Scrub free disk blocks

James McKenzie jjmckenzie51 at earthlink.net
Sun Aug 29 02:18:24 UTC 2010


JD wrote:
>   On 08/28/2010 05:32 PM, James McKenzie wrote:
>   
>> Steven Stern wrote:
>>     
>>> On 08/27/2010 11:25 PM, JD wrote:
>>>
>>>       
>>>>    Is there a Linux util to scrub free disk blocks and keep everything
>>>> else intact ??
>>>>
>>>>
>>>>         
>>> This really is an interested thread... but why do you want to scrub free
>>> blocks?
>>>
>>> I can think of a few reasons:
>>>
>>> 1) You're running Linux in a virtual machine. Zeroing all free space
>>> makes it easier to compress the image file.
>>>
>>> 2) You've been looking at something "bad" and want to make sure all
>>> traces of it are gone before the lawyers/cops arrive.
>>>
>>> There are probably other good reasons, but I'm stalled out here.
>>>
>>>
>>>
>>>       
There are lots of good reasons.  You have been accessing your bank 
accounts and want to give the drive to your highly intelligent prodigy 
and they know how to read a drive and recover data.  You have been using 
the drive in your business and don't want business data going home with 
you when you pull the drive and use in it your laptop.
>>>       
>> One thing is that if you expect the police on your doorstop, you are
>> screwed anyway.  There is NO truly secure method, other than complete
>> pulverization, to destroy disk data.
>>
>> If you want to clear the free space and reuse it, then the methods
>> described are sufficient.
>>
>> James McKenzie
>> SSCP 367830
>> (Yes, I could give a real technical description of why but it involves a
>> bunch of phyics and electrical stuff that usually drives folks nuts,
>> suffice it that Data Discovery and Restore of Tucson can do what I
>> describe to a hard drive that was trown into a fire and the heads were
>> melted to the disk.  The police got what they wanted, the disk had child
>> porn on it and had been 'secure erased' as well.)
>>
>>     
> It seems that at least 2 individuals on this list have made the assumption
> that hiding data, encrypting data and erasing data is for the purpose of
> hiding criminal activity.

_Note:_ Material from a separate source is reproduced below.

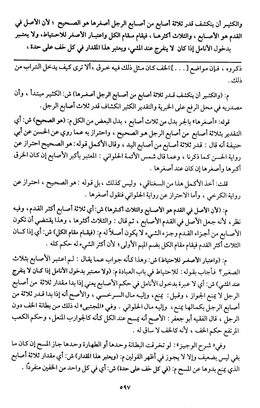 م: (والكثير أن ينكشف قدر ثلاثة أصابع من أصابع الرجل أصغرها) ش: الكثير مبتدأ، وأن مصدرية في محل الرفع على الخبرية، والتقدير الكثير انكشاف قدر ثلاث أصابع الرجل.
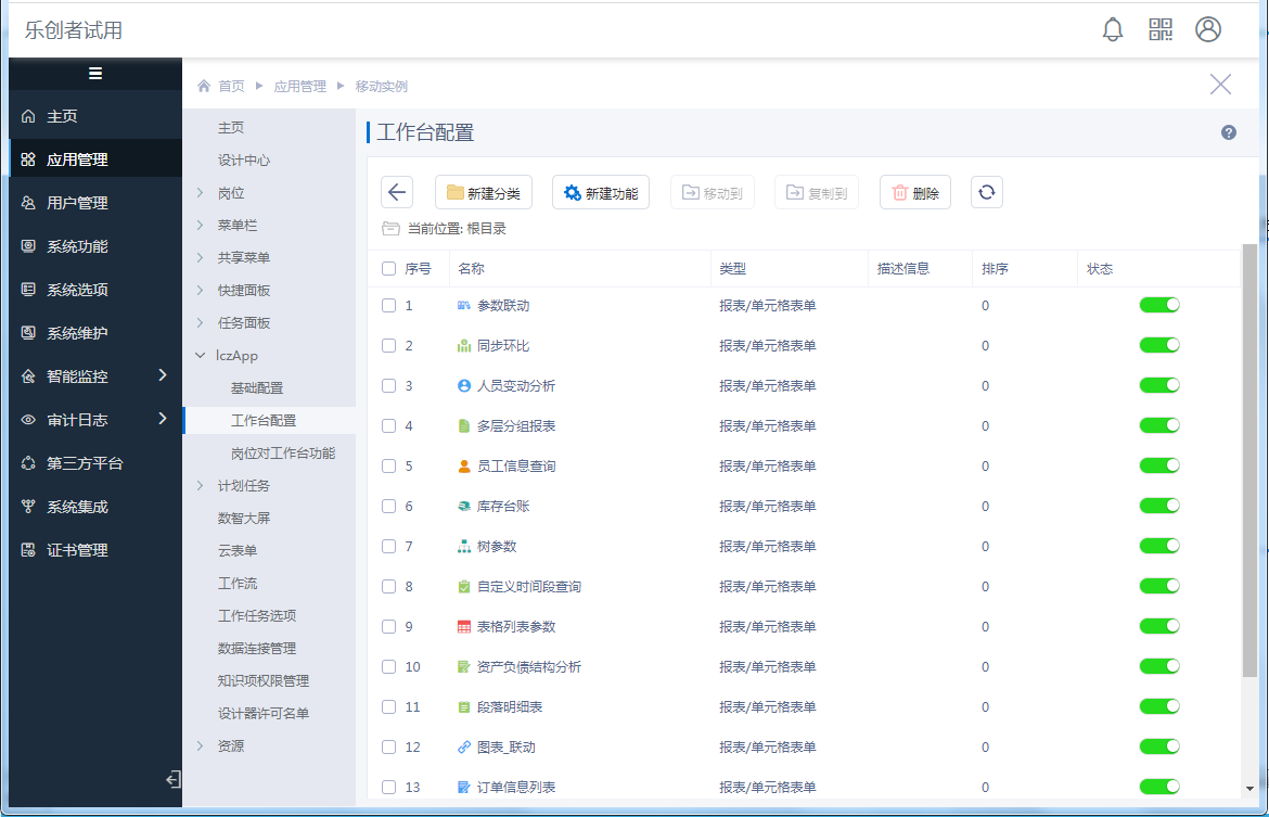lczApp主要用于为lczApp构建当前应用下工作台的功能并为其分配访问权限。配置方式有两种,具体如下:

Such an assumption would put hundreds
> of millions of people, and possibly a lot more,  within these two 
> individuals'
> category of criminals or highly suspected of criminal activity.
>   
Did I say you were hiding criminal activity?  There are LOTS of 
legitimate reasons to encrypt data and to clean it off.  If you work in 
the PCI industry or for the US Federal Government, you have to do both, 
on a regular basis.  This is why the NSA has Secure Erase available.  
Other folks don't want 'lingering' data to come back and bite them.  
However, if you think that Secure Erase or any other program is going to 
completely wipe your hard drive, that is not so.  Secure Erase only 
gives the ability to reuse the disk in the same operating environment.  
That means if you were processing company proprietary data, then you 
cannot give the drive away.  It has to be physically destroyed.  That is 
the only way to ensure data is not available.
> Here we are in the 21st century and we still discover that there are
> people with such narrow minds, that they can easily pass through a
> 1 picometer wide slot.
> I am being very generous with that slot width.
>
>   
My mind is not narrow.  All I did is state "IF you are expecting the 
police on your doorstop"  not WHEN.  If you are using these for 
legitimate reasons, that is wonderful.  You are forward thinking, a lot 
better than most folks who find that they shipped their 'clean drives' 
to others only to find out they pulled a bunch of personal information 
and used it for ill intended reasons.